### Problem
Output, word for word, the line that contains "Egg and flour, baking ingredients" and all lines after it in the records below, omitting pictures.

*** Extracted records ***

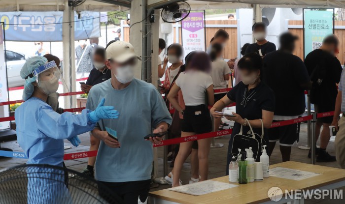 [서울=뉴스핌] 김학선 기자 = 코로나19 신규확진자가 4만1310명을 기록하며 재확산하고 있는 가운데 16일 서울 용산구보선소 선별진료소에서 시민들이 검사를 받기 위해 줄 서 있다. 2022.07.16 yooksa@newspim.com
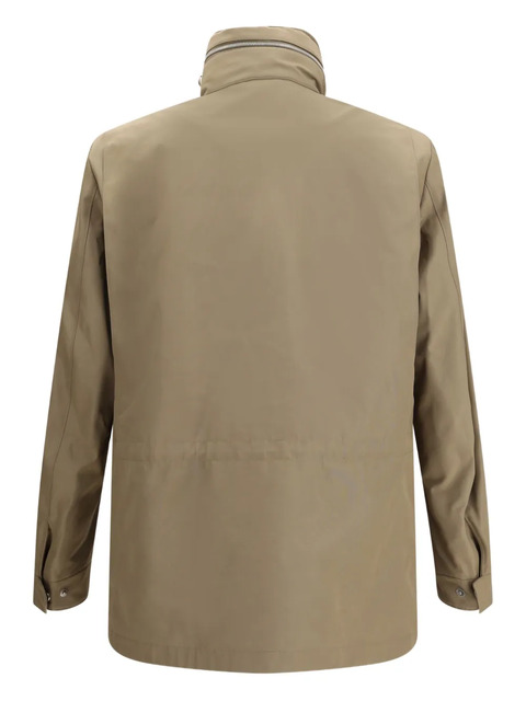 light brown high collar double-slider zip closure snap-button placket four flap welt pockets removable sleeve adjustable cuffs
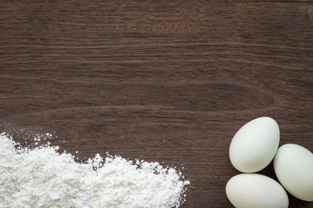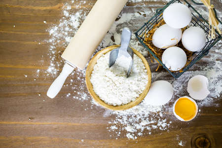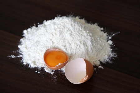 Egg and flour, baking ingredients
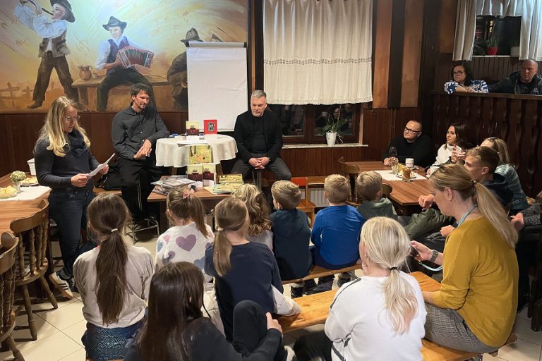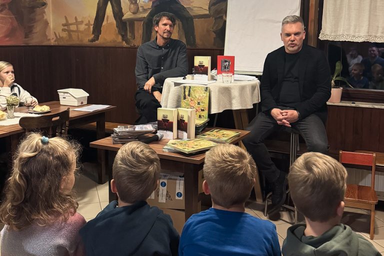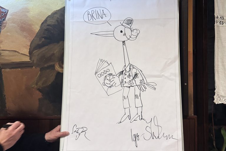 V petek sva imela nastop na Izletniški kmetiji Plazl. Najmlajše sva navdušila z najinimi dogodivščinami, ki jih je prebiral pisatelj Sebastijan, ilustrator Igor pa je najprej pokazal, kako riše Meda in Pujsija. Nato smo skupaj z obiskovalci ustvarili čisto nov lik, štorkljo Brino, ki ima rada knjige. Morda bo Sebastijan o njej napisal kakšno zgodbo. Bomo videli…
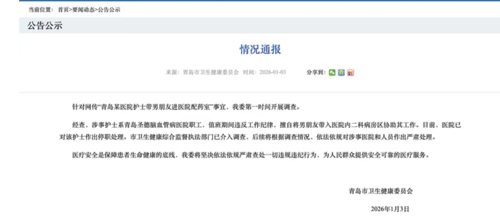 “值夜班还带男友来配药室帮忙贴标签、写报告?”近日青岛圣德脑血管病医院的操作,直接让全网网友炸了锅!涉事护士值班期间胆大包天,擅自把男友领进病房区核心配药室,让毫无医疗资质的他插手医疗相关工作,医院一句“她脑子有问题”的怒怼冲上热搜,目前护士已被停职,卫健委正深入调查。
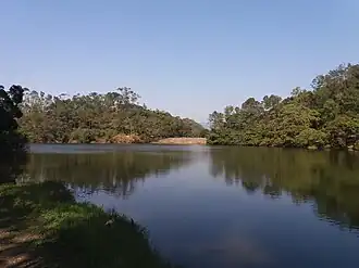 The entire reservoir is surrounded by tree-lined valleys and surrounded by mature woodlands, with rows of Melaleuca trees growing by the reservoir having full of greenery, very poetic and picturesque.[7]
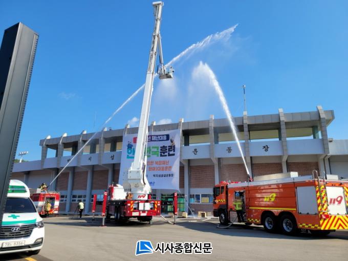 À̹ø ÈÆ·ÃÀº ÁöÁø¿¡ ÀÇÇØ ´ëÇüÈÀç°¡ ¹ß»ýÇϰí, Åë½Å½Ã¼³ µîÀÌ ¸¶ºñµÈ º¹ÇÕ Àç³ »óȲÀ» °¡Á¤ÇØ ÁøÇàµÆÀ¸¸ç, °íÈﱺÀÇ ÁÖ°üÇÏ¿¡ °íÈï¼Ò¹æ¼¡¤°íÈï°æÂû¼¡¤Çѱ¹Àü·Â°íÈïÁö»ç¡¤KT°íÈïÁö»ç µî 10¿© °³ À¯°ü±â°ü°ú ÇöÀå Âü°üÀÎÀ¸·Î Âü¿©ÇÑ ±º¹Î µî 150¿© ¸íÀÌ Âü¿©ÇÑ °¡¿îµ¥ À¯°ü±â°üº° Àåºñ¿Í Â÷·® µîÀÌ µ¿¿øµÅ ½ÇÁ¦ »óȲ°ú °°Àº ÈÆ·ÃÀÌ ½Ç½ÃµÆ´Ù.

*** End of Extracted records ***

### Written reply
 Egg and flour, baking ingredients
 V petek sva imela nastop na Izletniški kmetiji Plazl. Najmlajše sva navdušila z najinimi dogodivščinami, ki jih je prebiral pisatelj Sebastijan, ilustrator Igor pa je najprej pokazal, kako riše Meda in Pujsija. Nato smo skupaj z obiskovalci ustvarili čisto nov lik, štorkljo Brino, ki ima rada knjige. Morda bo Sebastijan o njej napisal kakšno zgodbo. Bomo videli…
 “值夜班还带男友来配药室帮忙贴标签、写报告?”近日青岛圣德脑血管病医院的操作,直接让全网网友炸了锅!涉事护士值班期间胆大包天,擅自把男友领进病房区核心配药室,让毫无医疗资质的他插手医疗相关工作,医院一句“她脑子有问题”的怒怼冲上热搜,目前护士已被停职,卫健委正深入调查。
 The entire reservoir is surrounded by tree-lined valleys and surrounded by mature woodlands, with rows of Melaleuca trees growing by the reservoir having full of greenery, very poetic and picturesque.[7]
 À̹ø ÈÆ·ÃÀº ÁöÁø¿¡ ÀÇÇØ ´ëÇüÈÀç°¡ ¹ß»ýÇϰí, Åë½Å½Ã¼³ µîÀÌ ¸¶ºñµÈ º¹ÇÕ Àç³ »óȲÀ» °¡Á¤ÇØ ÁøÇàµÆÀ¸¸ç, °íÈﱺÀÇ ÁÖ°üÇÏ¿¡ °íÈï¼Ò¹æ¼¡¤°íÈï°æÂû¼¡¤Çѱ¹Àü·Â°íÈïÁö»ç¡¤KT°íÈïÁö»ç µî 10¿© °³ À¯°ü±â°ü°ú ÇöÀå Âü°üÀÎÀ¸·Î Âü¿©ÇÑ ±º¹Î µî 150¿© ¸íÀÌ Âü¿©ÇÑ °¡¿îµ¥ À¯°ü±â°üº° Àåºñ¿Í Â÷·® µîÀÌ µ¿¿øµÅ ½ÇÁ¦ »óȲ°ú °°Àº ÈÆ·ÃÀÌ ½Ç½ÃµÆ´Ù.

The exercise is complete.